# Prompt
Repeat the records below exactly from the line containing "練習中の #外崎修汰 選手と目があったのでファンの皆さんへのメッセージ、そしてアップルパンチをお届けします!" to the line containing "The Lilliput 665-O/P", taking in both of those lines. Drop the pictures.

# Exercise input
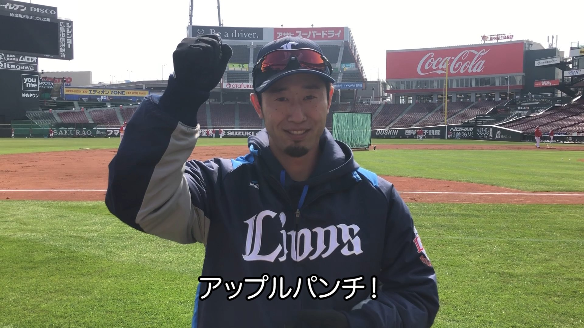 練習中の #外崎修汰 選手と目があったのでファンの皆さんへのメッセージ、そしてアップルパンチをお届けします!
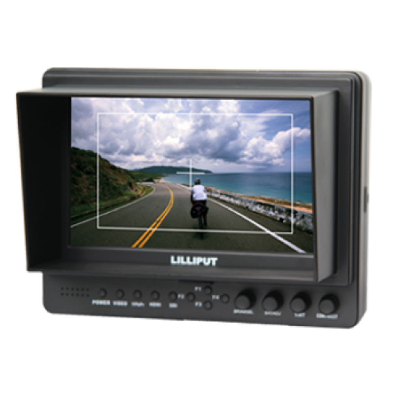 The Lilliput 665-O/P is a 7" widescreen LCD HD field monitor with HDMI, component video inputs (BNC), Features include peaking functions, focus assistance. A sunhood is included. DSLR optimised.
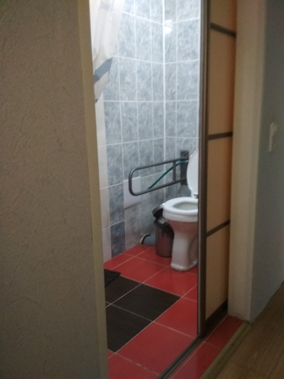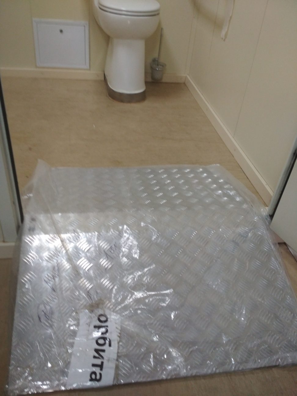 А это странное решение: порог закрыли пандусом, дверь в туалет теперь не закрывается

---

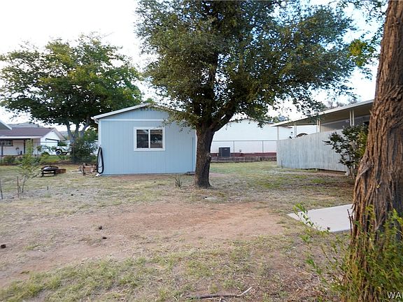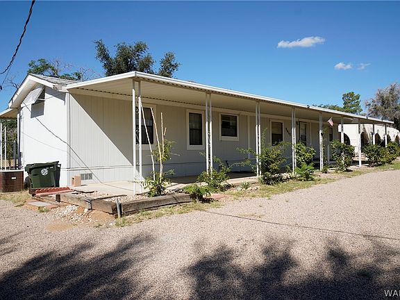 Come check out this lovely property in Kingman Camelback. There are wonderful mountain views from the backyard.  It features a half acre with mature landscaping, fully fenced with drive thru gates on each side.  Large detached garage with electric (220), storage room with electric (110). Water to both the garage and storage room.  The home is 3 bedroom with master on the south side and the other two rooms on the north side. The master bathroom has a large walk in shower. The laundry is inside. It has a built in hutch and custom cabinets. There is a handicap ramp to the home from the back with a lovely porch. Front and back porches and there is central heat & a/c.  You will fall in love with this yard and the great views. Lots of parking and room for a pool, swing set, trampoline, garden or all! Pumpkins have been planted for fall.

# Exercise solution
 練習中の #外崎修汰 選手と目があったのでファンの皆さんへのメッセージ、そしてアップルパンチをお届けします!
 The Lilliput 665-O/P is a 7" widescreen LCD HD field monitor with HDMI, component video inputs (BNC), Features include peaking functions, focus assistance. A sunhood is included. DSLR optimised.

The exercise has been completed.